(Source records)

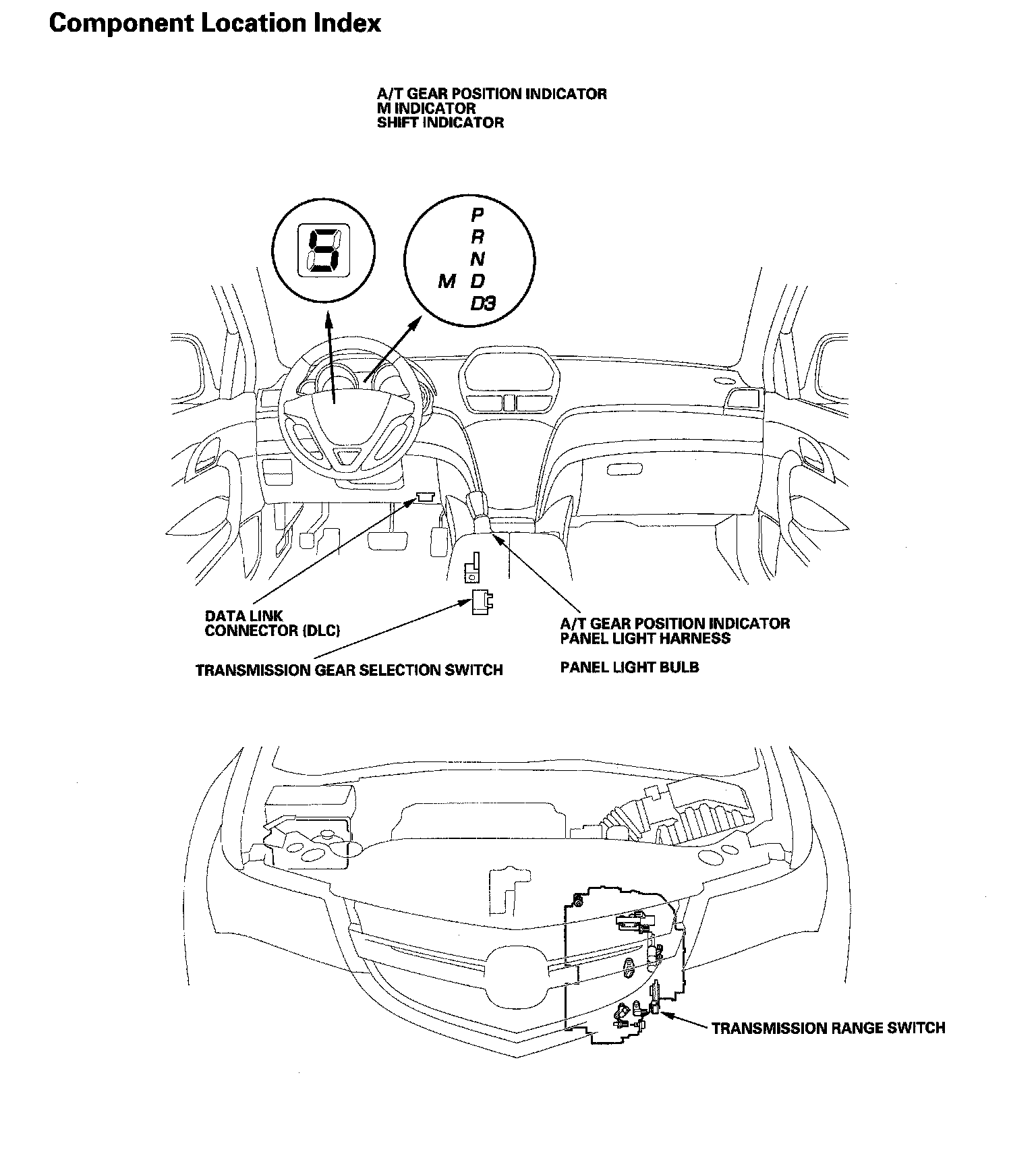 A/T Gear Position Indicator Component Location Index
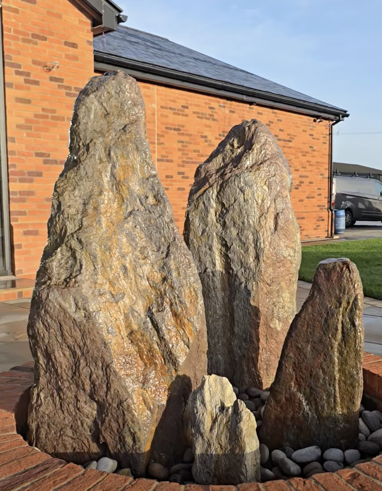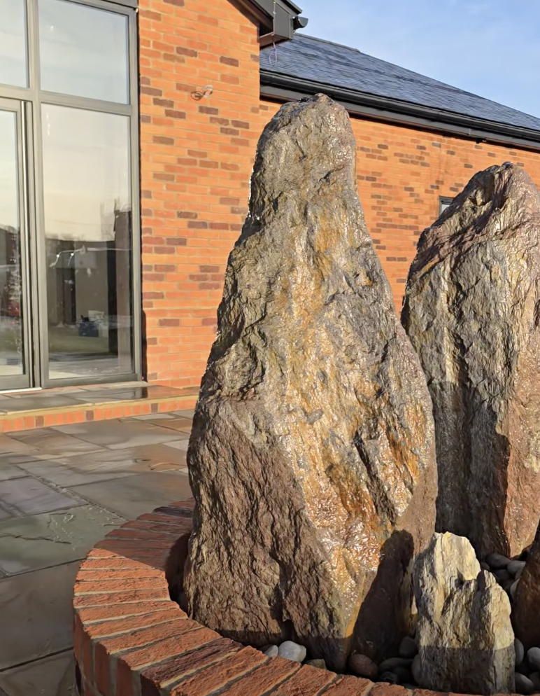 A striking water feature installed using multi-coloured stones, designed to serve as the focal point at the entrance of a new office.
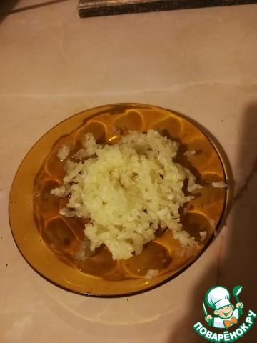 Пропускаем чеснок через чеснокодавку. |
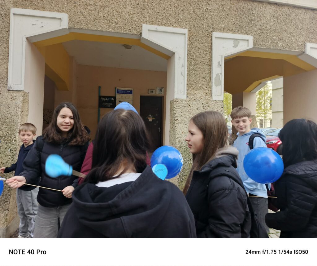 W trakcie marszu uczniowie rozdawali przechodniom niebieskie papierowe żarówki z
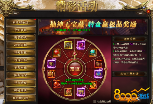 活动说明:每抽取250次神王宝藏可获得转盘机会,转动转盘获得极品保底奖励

• [ACTIVITY] Copy all the entries word for word. Omit any pictures.

• [WRITTEN ANSWER]
 A/T Gear Position Indicator Component Location Index
 A striking water feature installed using multi-coloured stones, designed to serve as the focal point at the entrance of a new office.
 Пропускаем чеснок через чеснокодавку. |
 W trakcie marszu uczniowie rozdawali przechodniom niebieskie papierowe żarówki z
 活动说明:每抽取250次神王宝藏可获得转盘机会,转动转盘获得极品保底奖励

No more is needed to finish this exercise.